Porque a mulher devia ser diferente hoje, completa em si mesma se tivesse alcançado algum patamar verdadeiramente feminino, que é o da sua especificidade enquanto Mulher. Para isso, devia ter à partida confiado mais na sua vida instintiva e ser menos racional, devia confiar nas suas entranhas, e ser ela mesma a partir de dentro e não de fora. Só isso podia fazer a diferença e base de partida para uma vivência plena e autêntica.

O ser mulher está doente…
Mas, ao contrário disso, forçada a ser igual ao homem ou superior, para garantir a sobrevivência no mundo patriarcal, tem de entrar em competição com o homem de todas as maneiras e esse desgaste traduz-se em cada vez mais doenças degenerativas e fatídicas por viverem contra a sua natureza profunda, por viverem contra a sua essência e sobrecarregada de pesos. Sobre a mulher recai sempre a responsabilidade dos filhos, do marido, da casa e do emprego… soma-se a isso o medo atávico, o desrespeito e os maus tratos, o cansaço e a idade… fatal para a mulher que já não serve para uma sociedade que a explora enquanto objeto de consumo apetecível ou a joga no lixo quando já não o é mais.
Hoje, a mulher “livre”, a mulher do topo tanto quanto a das classes desfavorecidas, são igualmente vítimas de todo o tipo de doenças… doenças tipicamente femininas… doenças de foro psíquico e neurológico, doenças cancerígenas, que são devidas à toda uma série de seqüelas – são tantos os processos inconscientes de que ela sofre - através de uma luta surda com ela mesma e em luta, todos os dias, para sobreviver num mundo onde impera a lei do mais forte, e que lhe é naturalmente adverso sendo de domínio exclusivo masculino.
Ela nem disso tem consciência, tão antiga é a opressão e a exploração do seu ser e conseqüentemente ela ignora as razões profundas do seu sofrimento e as causas possíveis das suas doenças!
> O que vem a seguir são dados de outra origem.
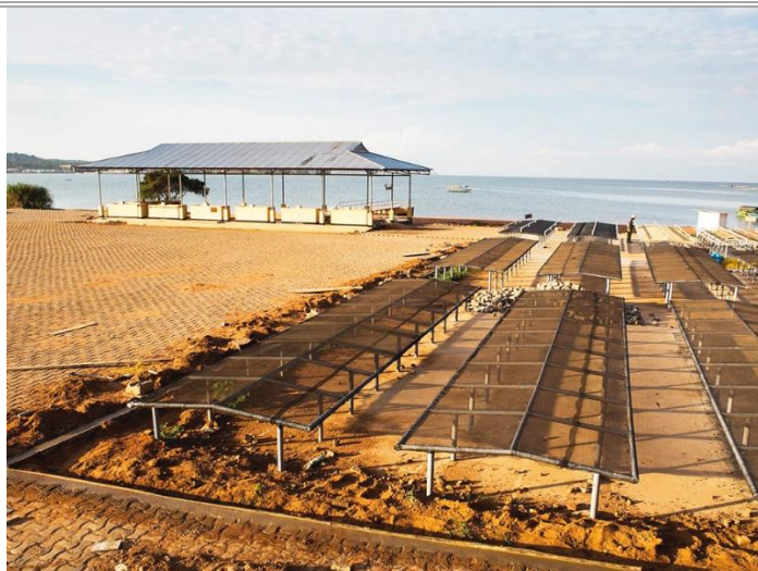
Sehemu mpya ya kukaushia dagaa

Kwa mwaka 2016, mradi wa LIC kwa kuitikia wito kutoka Manispaa ya Kigoma Ujiji ulianzisha uwekezaji ili kuboresha mwalo na soko la samaki la Kibirizi. Uboreshaji wa miundombinu ulijumuisha kuweka sakafu mpya ya vigae (pavements) kwenye eneo la mwalo, mitaro, maduka, mifumo ya maji safi na maji taka, uwekaji wa umeme, sehemu za kukaushia/kuanikia dagaa, vyumba maalum na vifaa vya kuhifadhi samaki na kwa mara ya kwanza uzalishaji wa barafu mkoani humo. Katika kusaidia uwekezaji huu, mfumo mpya wa uongozi uliundwa kupitia Special Purpose Vehicle (SPV).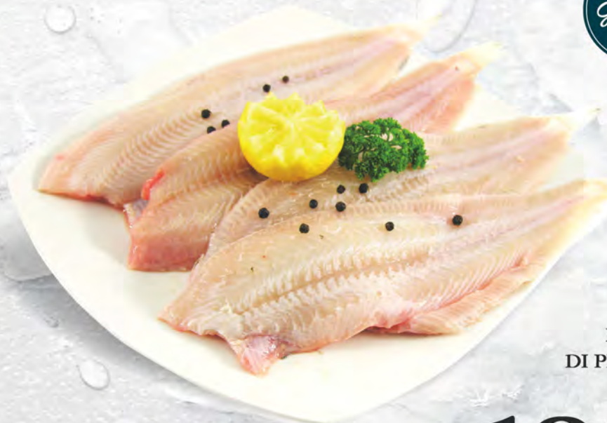
FILETTO DI PLATESSA al kg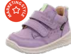
1-000369-8510 LILA/HELLGRÜN, 20-28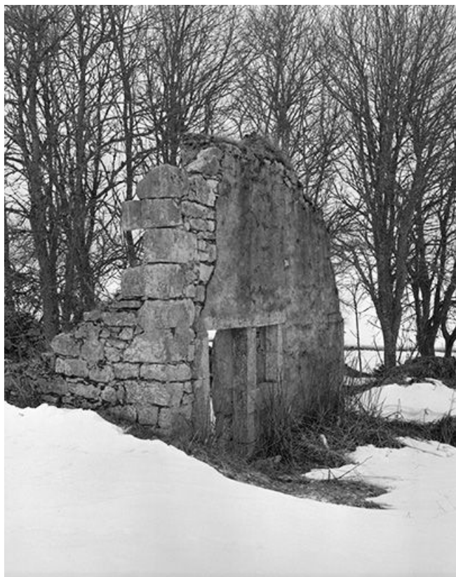
Ruine d'une ferme située au lieudit Les Cerclevaux : la chaîne d'angle. 25, Chaux-Neuve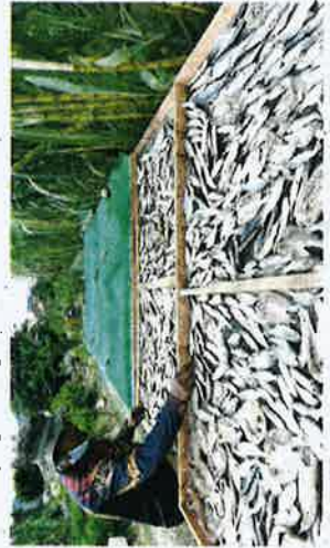
Muhammad Nizar memanjakan ikan tradisional, Khairul Nizam mampu menghasilkan 80 sehingga 100 kilogram ikan masin dalam tempoh sehari.

Selangor sejak setahun lalu setelah negara dilanda pandemik Covid-19 sehingga dikenakan Perintah Kawalan Pergerakan (PKP).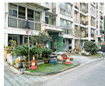
钱湖人家二期64幢131单元门口草坪被毁坏。

11月20日，记者在钱湖人家二期看到，64幢131单元门口大部分绿化被毁，有人在草坪浇筑混凝土、铺设人工草坪、修建鱼池和摆放石桌、石凳。此外，该小区还有多处绿化被毁。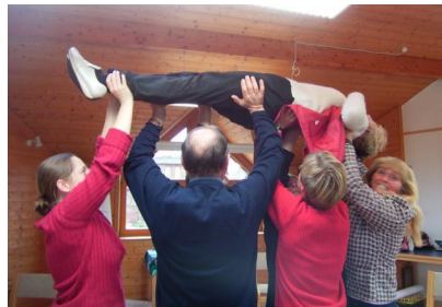
Mit Freude lernen – ein Leben lang

Unsere Veranstaltungen haben Erlebnischarakter und begeistern durch Einzigartigkeit, Einfachheit, Lebendigkeit und Nachhaltigkeit. Unsere individuelle Komposition von Information und Unterhaltung, Ambiente und Methode hinterlässt bleibende Eindrücke mit positivem Erinnerungswert.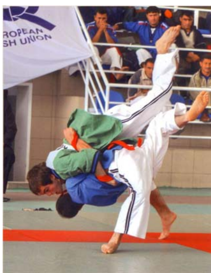
Рис.5. Офіційна прем'єра української національної боротьби на поясах в програмі V чемпіона світу по боротьбі на поясах Алыш в Одесі (2006 рік)

. Перший чемпіонат світу по українській національній боротьбі на поясах був проведений в 2006 році в місті Одеса (Україна) при проведенні V чемпіона світу по боротьбі на поясах Алыш і за підтримки Міжнародної Федерації боротьби на поясах Алыш (рис.5).

Num mundo que lhe esconde o seu ser verdadeiro desde criança, que a obriga a silenciar parte do seu ser, que não lhe permite acessar ao conhecimento dela mesma através da sua intuição, ela não se pode reencontrar com a sua totalidade! Não é portanto a igualdade profissional nem o sucesso econômico que trazem à mulher a sua realização.
Antes de qualquer mudança exterior, a mulher tem de curar as suas feridas… tem de sarar as feridas da sua criança-mulher dentro e fora dela. Ela tem de olhar para si e ver onde está a origem do seu drama, da sua dor, da sua desordem emocional. Ela tem de escutar o seu coração sem medo pois só quando a sua voz de dentro, a Voz do Útero, lhe for devolvida e o seu poder intrínseco despertado, só assim a Mulher e a Natureza poderão dar frutos excelentes e criar uma nova Terra. Antes disso, tudo o que vivemos é ainda e só as sementes de violência e de ódio que os homens e as suas guerras semearam ao longo de milênios.
Estamos ainda tão longe desse mundo de amor e de verdadeira paz - que só é possível vinda de dentro, do ser integrado e autêntico – que, nem a mulher nem o homem, podem ascender ao espírito uno e desfrutar do equilíbrio entre seres humanos, nem terem respeito pelo planeta Terra.
Só quando a Mulher for "O Cálice" do qual brota o elixir da vida, o corpo receptivo e amoroso que se oferece, dá vida e alimenta… pode trazer a nova mulher e com ela a paz ao coração da humanidade e enterrar a Espada que tanto fere e mata. Para isso, ela precisa resgatar a Mulher Essencial, a mulher-Deusa que nela habita desde sempre e para todo o sempre. Amém.